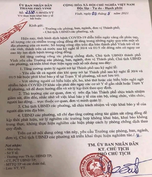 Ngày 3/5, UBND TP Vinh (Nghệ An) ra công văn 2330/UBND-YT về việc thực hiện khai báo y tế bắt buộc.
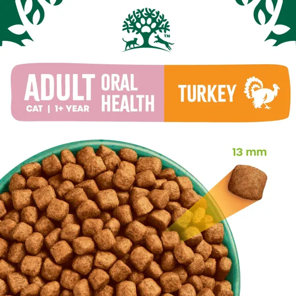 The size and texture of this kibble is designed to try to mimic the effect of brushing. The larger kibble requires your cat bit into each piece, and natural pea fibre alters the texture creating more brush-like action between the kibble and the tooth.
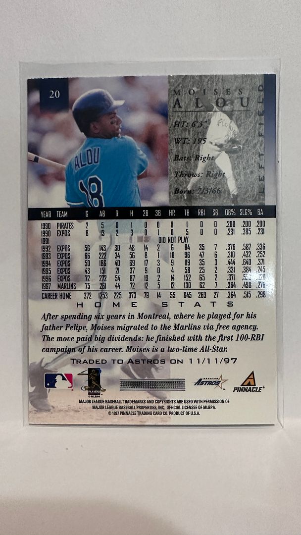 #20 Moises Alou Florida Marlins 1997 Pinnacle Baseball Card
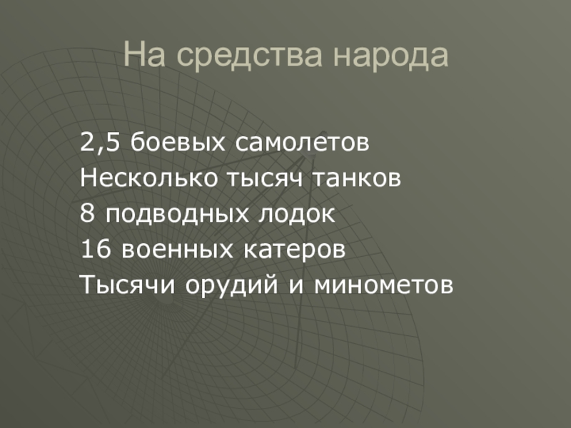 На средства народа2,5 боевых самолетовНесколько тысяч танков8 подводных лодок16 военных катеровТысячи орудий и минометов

## [ASSIGNMENT]
Copy out the whole listing word for word, except for any picture it includes.

## [OUTPUT BELOW]
 Ngày 3/5, UBND TP Vinh (Nghệ An) ra công văn 2330/UBND-YT về việc thực hiện khai báo y tế bắt buộc.
 The size and texture of this kibble is designed to try to mimic the effect of brushing. The larger kibble requires your cat bit into each piece, and natural pea fibre alters the texture creating more brush-like action between the kibble and the tooth.
 #20 Moises Alou Florida Marlins 1997 Pinnacle Baseball Card
 На средства народа2,5 боевых самолетовНесколько тысяч танков8 подводных лодок16 военных катеровТысячи орудий и минометов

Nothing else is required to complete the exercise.